Анна любила выезжать на охоту с Генрихом: это были те немногие случаи, когда король оказывался почти полностью в ее распоряжении, так как его сопровождали лишь несколько самых доверенных спутников. Генрих с удовольствием проводил время за своим любимым занятием вместе с Анной. Он купил ей четыре французских седла, обтянутые черным бархатом и окаймленные бахромой из шелка и золота, выдержанные в том же стиле наборы упряжи и поводьев, скамеечки для ног, луки, стрелы и перчатки24. Иногда Анна сидела за спиной у короля на его жеребце, используя для этого дополнительное седло из черного бархата: «неслыханное дело», как писал об этом шокированный имперский посол25. Анна заказывала для себя кобыл из Ирландии26. Во время разлуки Генрих сообщал ей о своих успехах в охоте и посылал в подарок оленину. Не все их совместные вылазки оказывались благополучными: однажды грейхаунд Анны набросился на пасшуюся невдалеке корову и убил ее. Королю пришлось уплатить разгневанному владельцу животного 10 шиллингов (150 фунтов стерлингов). Еще Анна любила стрелять из лука и однажды попробовала сыграть в шары, но была побеждена Ричардом Хиллом, сержантом Погреба, одним из партнеров короля по азартным играм. Генрих уплатил ему от имени Анны 12 (3600) фунтов стерлингов27.

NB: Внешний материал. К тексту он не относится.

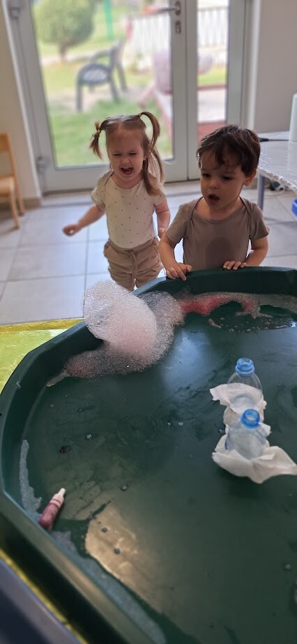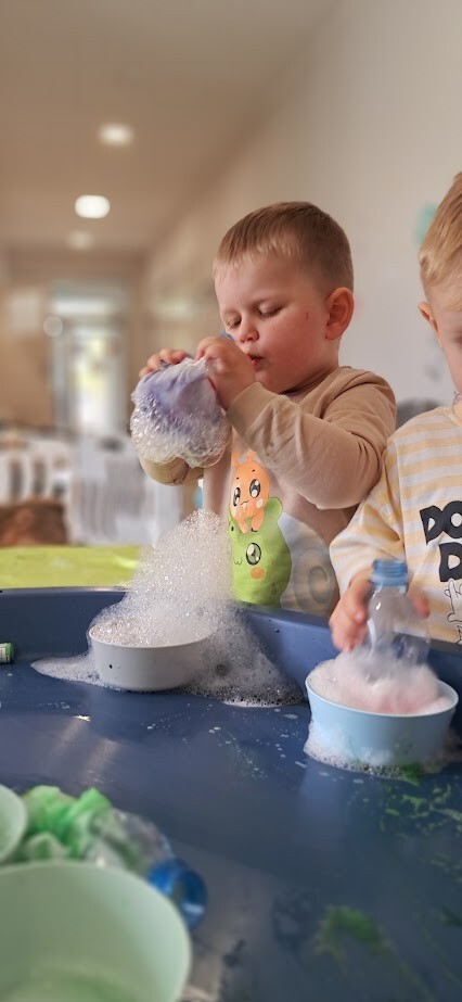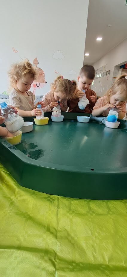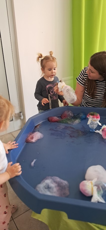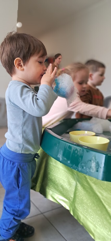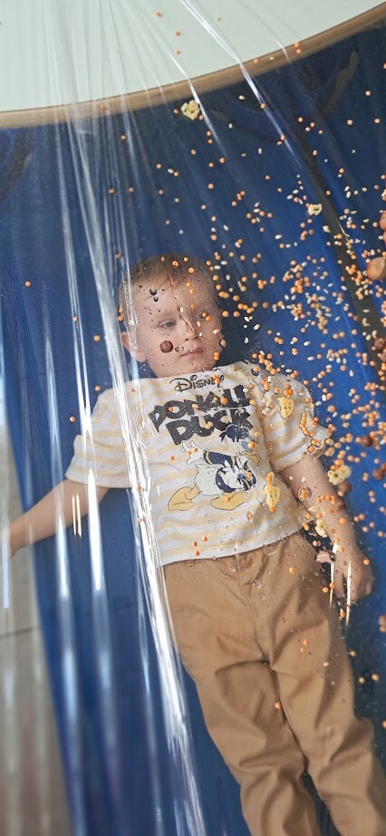 w ,,Podróży przez emocje'' dzieci wyruszają w kolorową wyprawę, podczas której poznają różne uczucia poprzez zmysły i doświadczenia. Każde zajęcia to spotkanie z inna emocją- radością, smutkiem ,złością czy spokojem- odkrywana przez dotyk, dźwięk, zapachy, ruch i zabawę. Dzieci bawią się materiałami sensorycznymi, uczestniczą w różnych eksperymentach z wykorzystaniem kolorów świateł i dźwięków. Zajęcia wspierają rozwój emocjonalny, integracje sensoryczną oraz budują samoświadomość i relacje z innymi.

Анна «прекрасно умела играть во все модные при дворе игры»28. Она была чрезвычайно азартным игроком и часто увлекалась до безрассудства, поэтому король выдавал ей из своего Личного кошелька «в качестве денег на игру»29 всего по 5 (1500) фунтов стерлингов зараз, часто мелкой монетой. Тем не менее счета короля показывают, что он сам часто проигрывал Анне крупные суммы. Одна из их любимых игр называлась «Папа Юлий»: похоже, она изображала в сатирическом ключе процесс расторжения брака с Екатериной30.
В Виндзоре Анна умудрилась обидеть сэра Джона Расселла, влиятельного служителя Личных покоев: тот в пух и прах рассорился с сэром Томасом Чейни, кузеном Анны, которому она покровительствовала, тоже джентльменом короля, из-за брака двух своих падчериц, находившихся под опекой Уолси. Чейни и другой придворный, сэр Джон Уоллоп, хотели жениться на них, однако Уолси и Расселл не дали разрешения. Прежде Анна успешно вмешивалась, когда Чейни попадал в немилость к кардиналу. Однако в этот раз Генрих встал на сторону Расселла и запретил Чейни входить в личные покои, пока тот не помирится с Расселлом. Взаимная неприязнь, однако, не исчезла, и несколько месяцев спустя, когда Уолси запретил Чейни бывать при дворе, Анна вернула своего кузена, «презрев волю кардинала и не погнушавшись использовать грубые слова по отношению к Уолси». Уолси капитулировал, и Чейни женился на его наследнице31. Эта история подчеркнула растущее могущество Анны и обозначила ее победу над Уолси в борьбе за власть. Расселл же стал первым из ее многочисленных врагов.
35«Тысяча случаев потливой лихорадки»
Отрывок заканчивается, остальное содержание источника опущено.